Defendant Holifield and non-party Gabriel co-founded XRI Investment Holdings LLC to explore uses for non-potable water sources in the oil and gas industry. In August 2016, Holifield and Gabriel sold a controlling interest in XRI to certain funds affiliated with an investment bank. As a result of the sale, the funds held Class A units while Holifield and Gabriel held Class B units.
In 2018, Holifield attempted to use his Class B units to secure a loan to XRI. Such a pledge of units required board approval, per XRI’s limited liability company agreement (the LLC Agreement), and Holifield learned that the five-member board of XRI was unlikely to approve the pledge. As a result, Holifield explored alternative structures with the aid of employees of XRI, eventually deciding to proceed by using a special purpose vehicle (SPV). Holifield created an SPV, called GH Blue Holdings, LLC (Blue), effected a “Permitted Transfer” of his Class B units, and, in turn, used those units to facilitate a loan to XRI (the XRI Loan). Under the LLC Agreement, a “Permitted Transfer” was designed to allow unitholders to transfer units for estate planning purposes.

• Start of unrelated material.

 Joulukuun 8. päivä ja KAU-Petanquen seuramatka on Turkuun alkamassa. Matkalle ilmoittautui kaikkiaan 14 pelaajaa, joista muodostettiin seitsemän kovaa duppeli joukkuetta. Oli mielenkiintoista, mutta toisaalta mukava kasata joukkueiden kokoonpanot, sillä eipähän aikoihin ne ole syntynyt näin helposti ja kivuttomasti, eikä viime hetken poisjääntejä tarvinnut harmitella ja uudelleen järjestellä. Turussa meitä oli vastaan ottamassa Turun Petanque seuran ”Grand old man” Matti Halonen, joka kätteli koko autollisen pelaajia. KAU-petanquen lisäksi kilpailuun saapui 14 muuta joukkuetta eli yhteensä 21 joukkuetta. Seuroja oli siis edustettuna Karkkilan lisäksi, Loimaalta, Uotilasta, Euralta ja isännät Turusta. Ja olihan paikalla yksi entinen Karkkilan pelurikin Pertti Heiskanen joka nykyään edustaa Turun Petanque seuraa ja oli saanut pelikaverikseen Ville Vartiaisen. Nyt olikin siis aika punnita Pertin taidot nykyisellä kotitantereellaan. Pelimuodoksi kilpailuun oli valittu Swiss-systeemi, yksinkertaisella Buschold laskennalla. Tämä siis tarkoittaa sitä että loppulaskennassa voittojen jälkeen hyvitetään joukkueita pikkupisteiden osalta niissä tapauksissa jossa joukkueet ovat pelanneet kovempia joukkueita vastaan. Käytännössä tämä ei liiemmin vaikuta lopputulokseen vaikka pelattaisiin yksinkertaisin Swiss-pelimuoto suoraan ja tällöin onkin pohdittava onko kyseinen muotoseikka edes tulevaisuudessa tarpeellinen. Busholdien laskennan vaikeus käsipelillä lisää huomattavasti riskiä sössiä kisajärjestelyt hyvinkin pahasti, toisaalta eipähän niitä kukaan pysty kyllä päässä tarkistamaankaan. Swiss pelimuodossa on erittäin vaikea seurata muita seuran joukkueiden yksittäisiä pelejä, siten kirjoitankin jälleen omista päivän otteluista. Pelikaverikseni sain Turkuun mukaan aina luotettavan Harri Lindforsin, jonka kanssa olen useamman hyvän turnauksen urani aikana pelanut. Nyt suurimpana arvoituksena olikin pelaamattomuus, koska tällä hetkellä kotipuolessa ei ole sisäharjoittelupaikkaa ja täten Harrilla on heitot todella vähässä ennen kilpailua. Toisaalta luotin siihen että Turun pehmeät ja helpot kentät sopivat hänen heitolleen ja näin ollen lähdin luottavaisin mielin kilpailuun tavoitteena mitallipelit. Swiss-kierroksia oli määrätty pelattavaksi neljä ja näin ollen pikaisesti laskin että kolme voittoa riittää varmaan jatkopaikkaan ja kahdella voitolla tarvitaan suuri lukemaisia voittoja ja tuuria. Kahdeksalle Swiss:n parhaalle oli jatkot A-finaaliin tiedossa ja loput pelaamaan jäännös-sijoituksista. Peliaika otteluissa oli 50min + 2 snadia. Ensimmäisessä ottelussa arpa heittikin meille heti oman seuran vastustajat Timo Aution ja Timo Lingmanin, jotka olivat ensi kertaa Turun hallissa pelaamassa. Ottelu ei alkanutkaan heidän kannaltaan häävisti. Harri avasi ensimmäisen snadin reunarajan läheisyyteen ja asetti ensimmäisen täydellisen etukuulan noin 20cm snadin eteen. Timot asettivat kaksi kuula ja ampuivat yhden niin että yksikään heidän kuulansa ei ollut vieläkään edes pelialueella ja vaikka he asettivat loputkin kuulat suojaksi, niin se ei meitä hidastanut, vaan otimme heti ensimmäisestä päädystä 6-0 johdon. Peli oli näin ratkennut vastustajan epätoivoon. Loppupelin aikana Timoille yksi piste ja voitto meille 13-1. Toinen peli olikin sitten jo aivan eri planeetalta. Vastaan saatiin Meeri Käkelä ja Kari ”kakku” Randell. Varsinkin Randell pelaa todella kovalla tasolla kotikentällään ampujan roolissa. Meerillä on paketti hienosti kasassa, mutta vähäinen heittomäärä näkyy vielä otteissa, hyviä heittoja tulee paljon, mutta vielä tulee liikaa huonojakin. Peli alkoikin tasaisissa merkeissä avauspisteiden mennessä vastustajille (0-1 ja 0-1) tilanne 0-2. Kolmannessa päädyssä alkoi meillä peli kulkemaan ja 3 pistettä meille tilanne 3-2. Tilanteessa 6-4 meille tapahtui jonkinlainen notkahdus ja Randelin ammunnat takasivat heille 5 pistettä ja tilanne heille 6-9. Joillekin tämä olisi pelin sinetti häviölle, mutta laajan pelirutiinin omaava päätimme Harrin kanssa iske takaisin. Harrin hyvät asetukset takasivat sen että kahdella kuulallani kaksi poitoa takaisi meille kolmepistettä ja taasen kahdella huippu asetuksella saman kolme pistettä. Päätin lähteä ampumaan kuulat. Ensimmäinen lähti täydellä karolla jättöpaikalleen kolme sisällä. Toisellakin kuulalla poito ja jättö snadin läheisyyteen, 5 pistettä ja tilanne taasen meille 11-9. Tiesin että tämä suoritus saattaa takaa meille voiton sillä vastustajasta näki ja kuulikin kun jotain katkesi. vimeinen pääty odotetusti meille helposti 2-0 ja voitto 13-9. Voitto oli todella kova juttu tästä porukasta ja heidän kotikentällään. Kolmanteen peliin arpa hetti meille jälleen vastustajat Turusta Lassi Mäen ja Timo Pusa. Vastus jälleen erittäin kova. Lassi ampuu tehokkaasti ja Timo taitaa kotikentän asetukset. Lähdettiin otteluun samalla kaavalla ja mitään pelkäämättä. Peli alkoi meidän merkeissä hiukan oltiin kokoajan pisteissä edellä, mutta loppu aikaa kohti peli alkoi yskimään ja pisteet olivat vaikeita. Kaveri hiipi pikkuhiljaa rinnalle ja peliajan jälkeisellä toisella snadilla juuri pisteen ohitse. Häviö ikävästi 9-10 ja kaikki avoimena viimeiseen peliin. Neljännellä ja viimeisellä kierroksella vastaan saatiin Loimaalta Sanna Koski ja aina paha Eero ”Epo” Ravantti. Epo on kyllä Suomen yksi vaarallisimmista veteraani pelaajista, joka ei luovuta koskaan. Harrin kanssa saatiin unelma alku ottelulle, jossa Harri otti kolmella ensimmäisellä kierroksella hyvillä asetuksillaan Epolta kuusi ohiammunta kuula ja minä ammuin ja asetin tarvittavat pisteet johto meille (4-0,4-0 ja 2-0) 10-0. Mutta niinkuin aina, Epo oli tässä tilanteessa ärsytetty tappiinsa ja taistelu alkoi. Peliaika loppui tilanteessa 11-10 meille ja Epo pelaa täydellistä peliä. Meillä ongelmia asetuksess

In August 2020, however, Holifield defaulted on the XRI Loan. Various litigation ensued, including the case that led to this decision from the Delaware Court of Chancery. In this litigation, XRI asserted a claim for breach of contract against Blue and Holifield for breaching the LLC Agreement. The trial took place in June 2022. Following the trial, the court found that XRI proved that Holifield violated the No Transfer Provision in the LLC Agreement, even though it considered the outcome inequitable based on the defense of acquiescence.

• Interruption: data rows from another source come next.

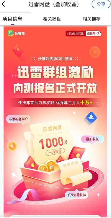 迅雷網(wǎng)盤推廣群組轉(zhuǎn)存&播放收益怎么申請(qǐng)?迅雷網(wǎng)盤拉新群組轉(zhuǎn)播一天能賺多少錢?所謂迅雷網(wǎng)盤群組轉(zhuǎn)播掙米,就是轉(zhuǎn)存&播放的意思,這是近期迅雷網(wǎng)盤推廣活動(dòng)新增的一個(gè)非常給力的收益板塊,一個(gè)1000人的群組理論上就能貢獻(xiàn)最高每天600元的轉(zhuǎn)播(還不算其他推廣利潤),所以小編也是認(rèn)為目前的迅雷網(wǎng)盤屬于是被嚴(yán)重低估的優(yōu)質(zhì)網(wǎng)盤CPA拉新項(xiàng)目!(原創(chuàng)內(nèi)容抄襲必究)fv6菜譜美食網(wǎng)-眾歸云 - 24小時(shí)不關(guān)機(jī)的云端電腦_云主機(jī)_VPS掛機(jī)寶_免費(fèi)掛機(jī)寶_0.1元試用,3-5元月租服務(wù)器提供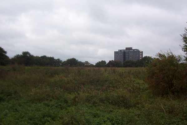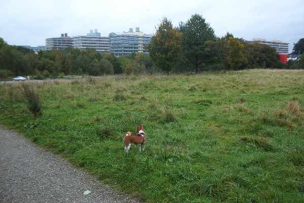 Links geht es nun zum Tümpel (von hier läßt sich die Wiese gut umrunden) oder nach rechts in den Wald.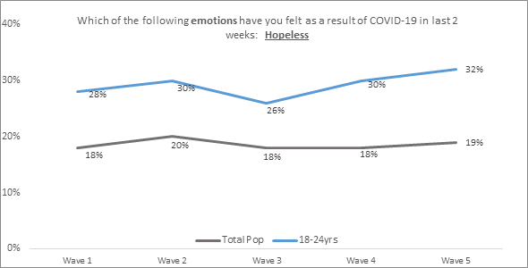 One thing I’ve noticed through reading this study, is the huge impact the pandemic has had on young people aged 18-24. This graph shows they are much more likely to feel hopeless or lonely – there’s a very evident divide between young adults and the older population. The number of adults aged 24+ who felt able to cope with the stress of the pandemic fell from 73% to 64% from Wave 6 to Wave 7. The number of young people aged 18-24 who felt able to cope with the stress of the pandemic fell from 64% to 56% from Wave 6 to Wave 7.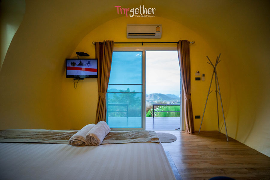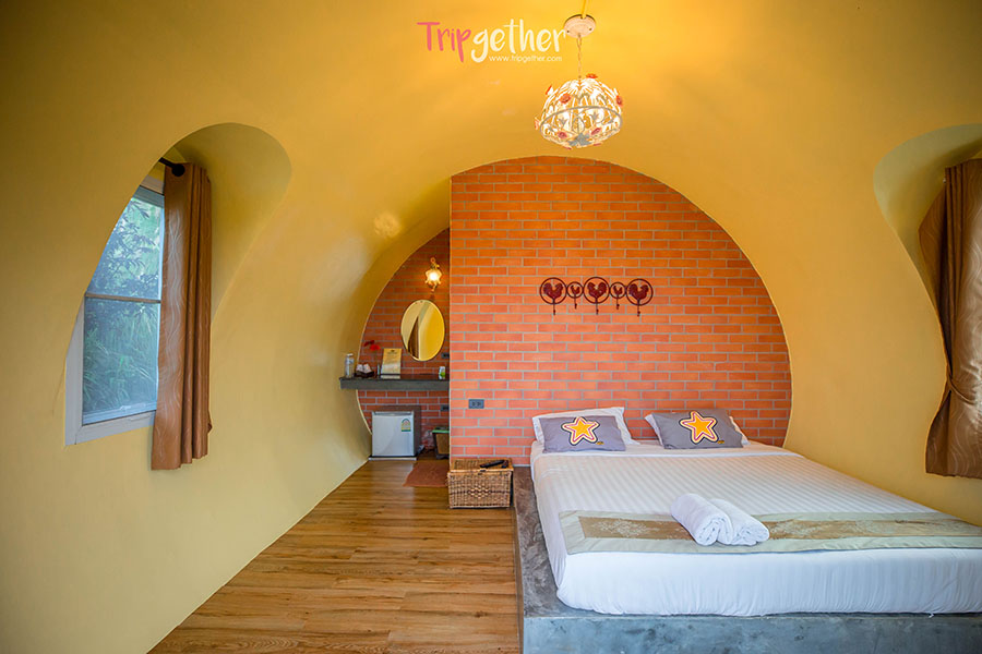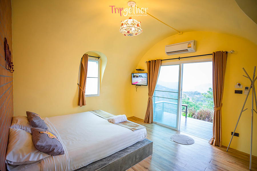 ห้องแยมโรล 4 ภายในห้องพักก็ตกแต่งได้อย่างน่ารัก มาในโทนสีเหลือนวลสบายตา มีเตียงขนาดใหญ่หันหน้าไปยังทิศตะวันตก ชมพระอาทิตย์ตกสุดโรแมนติก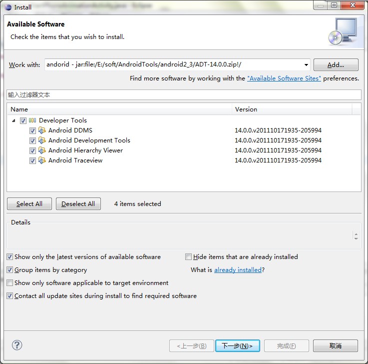在android.link中寫上path=E:/android/adt,目錄一直到解壓插件中的features和plugins目錄中的上一級即可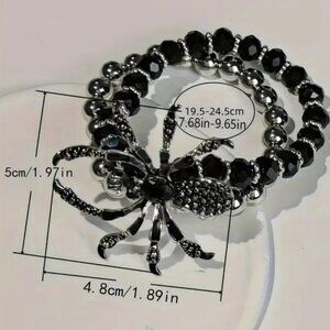 New in original packaging. Gorgeous arachnid in a black beaded bracelet. Great seasonal item around Halloween. Beautiful beadwork. Very pretty design at any time. Stretches to fit.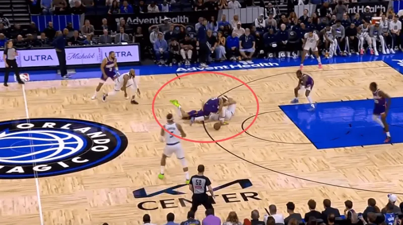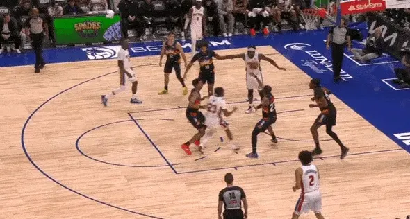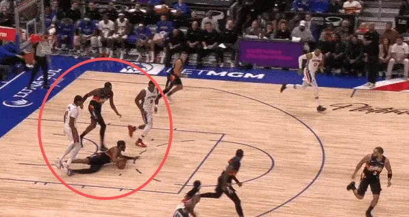 随后在奥萨尔合球准备起手终结的瞬间,古德温找准时机精准将球切掉后倒地保护球权。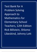 Test Bank for A Problem Solving Approach to Mathematics for Elementary School Teachers, 12th Edition Rick Billstein, ShlomoTest Bank for A Problem Solving Approach to Mathematics for Elementary School Teachers, 12th Edition Rick Billstein, Shl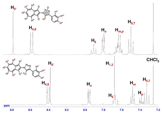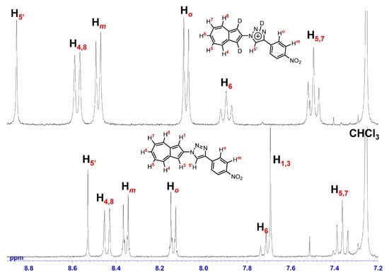 We developed an efficient and modular route to 2- and 6-(1,2,3-triazol-1-yl)azulenes to expand the synthetic accessibility and functional scope of azulene-based π-systems with stimulus-responsive photophysics. Readily accessible 2- and 6-azidoazulenes, prepared in excellent yields via SNAr reactions of haloazulenes, were subjected to Cu(I)-catalyzed Huisgen [3 + 2] cycloaddition with a broad range of terminal alkynes to afford the corresponding triazolylazulenes in good to high yields, followed by acid-mediated decarboxylation and Staudinger reduction to enable further diversification to 2-azulenyltriazoles and a 6-aminoazulene derivative. Single-crystal X-ray diffraction analysis revealed substitution-position-dependent torsional arrangements and variations in π-conjugation between the azulene and triazole units. Photophysical characterization by UV/Vis absorption and fluorescence spectroscopy showed pronounced halochromism under acidic conditions, and selected derivatives displayed substantially enhanced fluorescence quantum yields. Overall, these results establish the azulene–1,2,3-triazole motif as a versatile building block for designing optoelectronic π-systems with acid-responsive emission properties.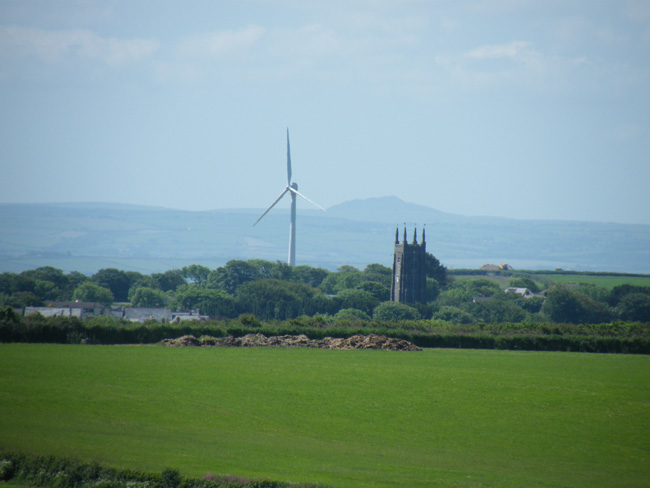 This photo shows the wind turbine built close to the Grade 1 listed Church of St James, Kilkhampton as viewed from the A39.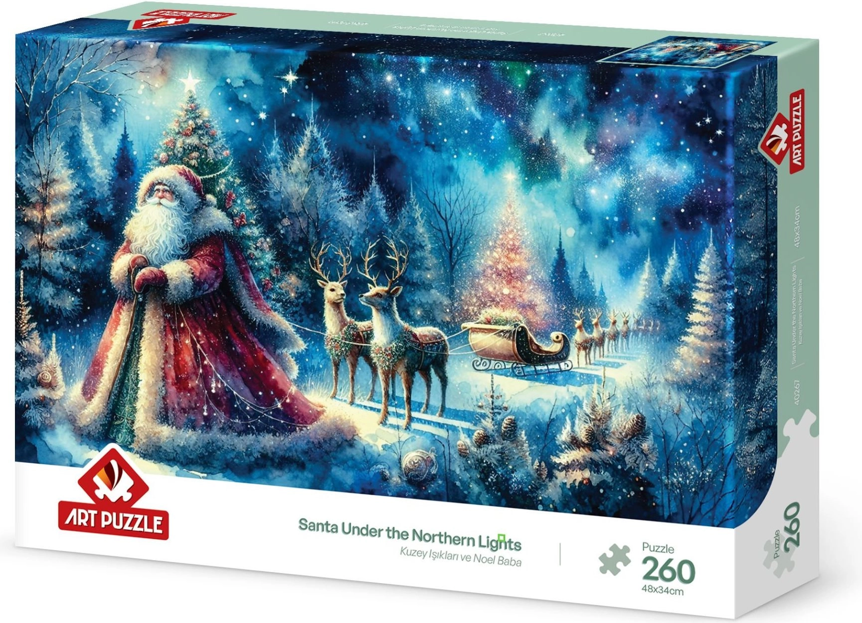 Genießen Sie die Weihnachtsatmosphäre mit dem wunderschönen Puzzle Weihnachtsmann unter dem Nordhimmel, das 260 Teile enthält. Perfekt für gemütliche Familienmomente beim Puzzeln und für Fans von winterlichen Themenpuzzles.

XRI based its breach of contract claim on two theories: first, that Holifield’s transfer of his Class B united violated the provisions of the LLC Agreement prohibiting the transfer of units (the No Transfer Provision); and second, that XRI also argued that Holifield’s transfer to Blue violated the LLC Agreement’s prohibition on encumbering units (No Encumbrance Provision). The court focused on the No Transfer Provision theory and declined to reach the issue of the No Encumbrance Provision because it found that XRI did not prove that such a violation would affect the outcome of the case.
Regarding the No Transfer Provision theory, the court found that Holifield could not prove that the transfer of his Class B units to Blue was “made without consideration,” one of the elements required for the transfer to be a Permitted Transfer. Because Holifield could not do so, XRI stated a claim for breach of contract.
Holifield asserted several defenses, including that the doctrine of acquiescence barred XRI’s request for relief. The court found that Holifield proved acquiescence, but that acquiescence was nevertheless unavailable to Holifield based on the language of the LLC Agreement. Specifically, the court found acquiescence based on the actions of XRI and its employees, who knew that Holifield was seeking to use his units to raise capital, helped Holifield develop structures that would permit him to do so, and failed to say anything about the transfer to Blue for years after it occurred. After a lengthy academic discussion, the court also concluded that acquiescence, an equitable defense, was available to Holifield in an action at law.
Unfortunately for Holifield, the LLC Agreement provided that if a transfer violated the No Transfer Provision, it was “void,” and Delaware Supreme Court precedent prohibited the court from applying equitable defenses because “void” means void ab initio. As a result, the court entered judgment in XRI’s favor, but found that the result was inequitable based on the evidence demonstrating XRI’s acquiescence. The court found that the outcome was “disquieting to a court of equity,” and proceeded to lay out reasoning to allow for the application of equitable defenses in cases where a contract is void ab initio. The court was clear: “No one should be misled. The approach suggested by this decision does not currently reflect Delaware law.” The court proceeded to set out an alternative framework for the Delaware Supreme Court to consider. That rationale would “restrict determinations that acts were void ab initio to those acts that contravene limitations imposed by the state, not agreements by private parties” and would “apply regardless of the language used in the parties’ contract.” In the view of the court, the regime would avoid outcomes that are “contrary to the equities of the case,” such as the outcome in XRI.
Authored by Ryan Philp, Michael Hefter, and Allison Wuertz.